Natural gas imports (via Norway pipelines and LNG from the US, Qatar, and others) make up about half of the supply, with LNG volumes surging in recent years amid European shortages.
Recent ONS trade data shows ongoing fuel import pressures even as overall goods imports dipped slightly in early 2026. The Middle East turmoil is already spiking global prices – exactly the vulnerability Singh warned about.
Refinery Closures: Britain Is Becoming the New California
The situation mirrors California’s disastrous path. UK refining capacity has plummeted. Scotland’s historic Grangemouth refinery (150,000 b/d) ceased crude processing in April 2025 and is now an import terminal. Lindsey refinery (108,000 b/d) followed in August 2025. Only four major sites remain: Fawley, Humber, Pembroke and Stanlow – down from 18 in the 1970s.
These closures have forced higher imports of finished fuels (up 4% in some quarters), reduced domestic crude processing by 40% in places, and left Britain more exposed to global shocks and tanker delays. Jobs have vanished (hundreds at each site), and the economic contribution (Grangemouth alone was £400m+ annually) is gone.
California is doing the exact same thing: closing refineries (Phillips 66 LA and others removing ~17-20% of state capacity), importing more foreign gasoline and jet fuel, and suffering extreme price volatility and higher costs. Experts there warn of $8/gallon gasoline and rationing risks during disruptions. Britain is on the same trajectory – policy-driven de-industrialisation of refining has turned a once self-reliant sector into an import-dependent liability.
Is There Any Hope of Turning It Around?
Short answer: not under the current Labour approach. Miliband’s North Sea strategy bans new exploration licences, allows only limited “tiebacks” on existing fields, and accelerates the decline. Spending has collapsed from £35bn+ a year (2015) to £15bn (2023); jobs have halved once and are forecast to halve again. Tax receipts are plunging. Even industry forecasts show the basin winding down rapidly.
Restarting meaningful drilling would require a U-turn on licences, scrapping the windfall tax distortions, and ending the ideological blockade. Singh’s call shows even the renewables sector sees the need for pragmatic domestic fossil production in the interim. But Miliband has repeatedly dismissed drilling as “totally false” for lowering bills and is doubling down on net-zero timelines.
Like California, once refineries and infrastructure are shuttered and supply chains reoriented to imports, reversal is slow, expensive and politically toxic.

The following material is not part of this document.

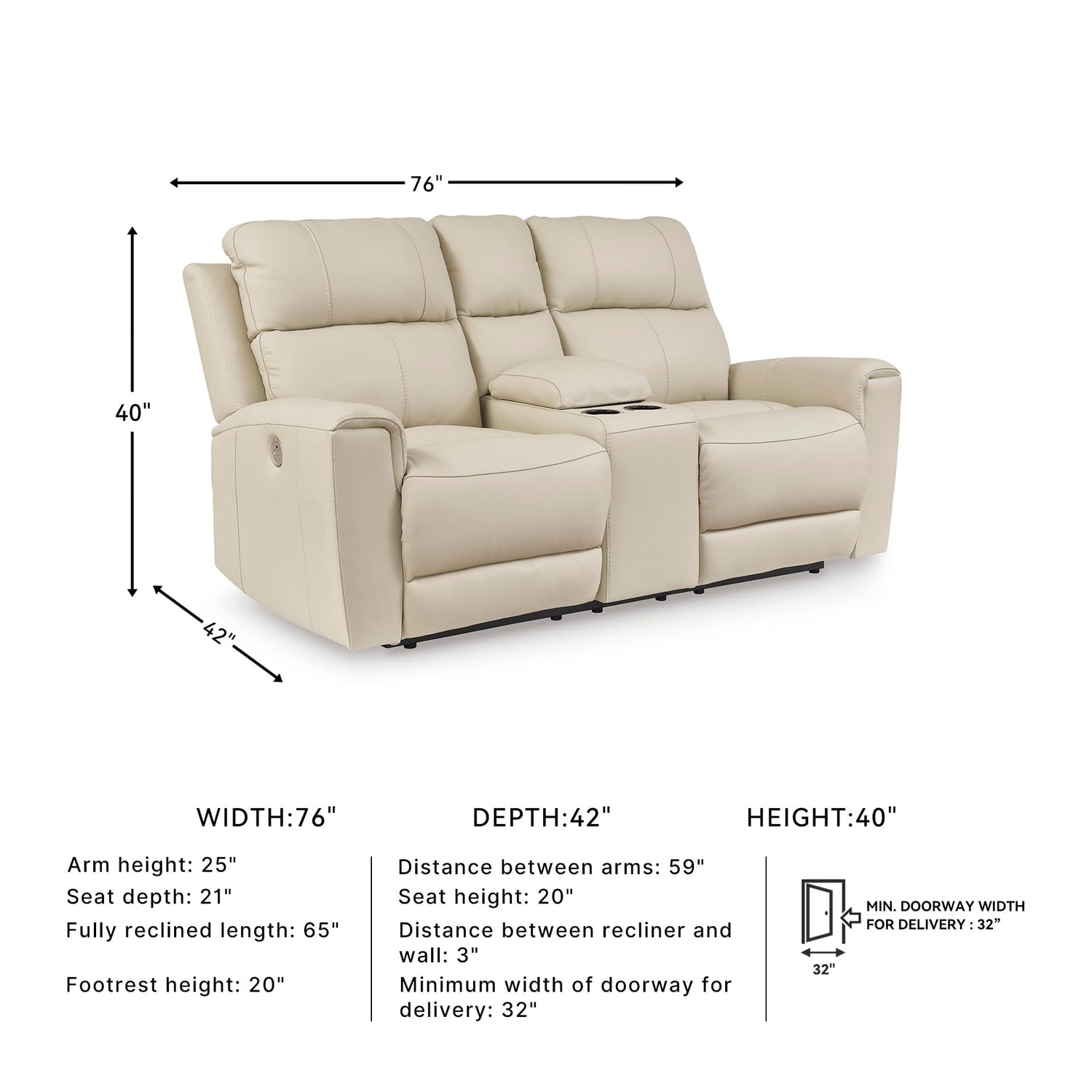 - DIMENSIONS: This item measures 76" W x 42" D x 40" H. Distance between recliner and wall should be at least 3". Fits through doorways 32" or wider. Center console with 2 cup holders and hidden storage

Britain risks permanent higher costs, greater import dependence and energy insecurity – unless sanity prevails and “home-grown energy of every kind” actually becomes policy.
The wind chief’s plea is a rare crack in the green consensus. Whether Miliband listens – or continues sacrificing British energy security on the altar of ideology – will define the next decade of bills, jobs and blackouts. For now, the only sane voice in the energy department appears to be… the wind boss.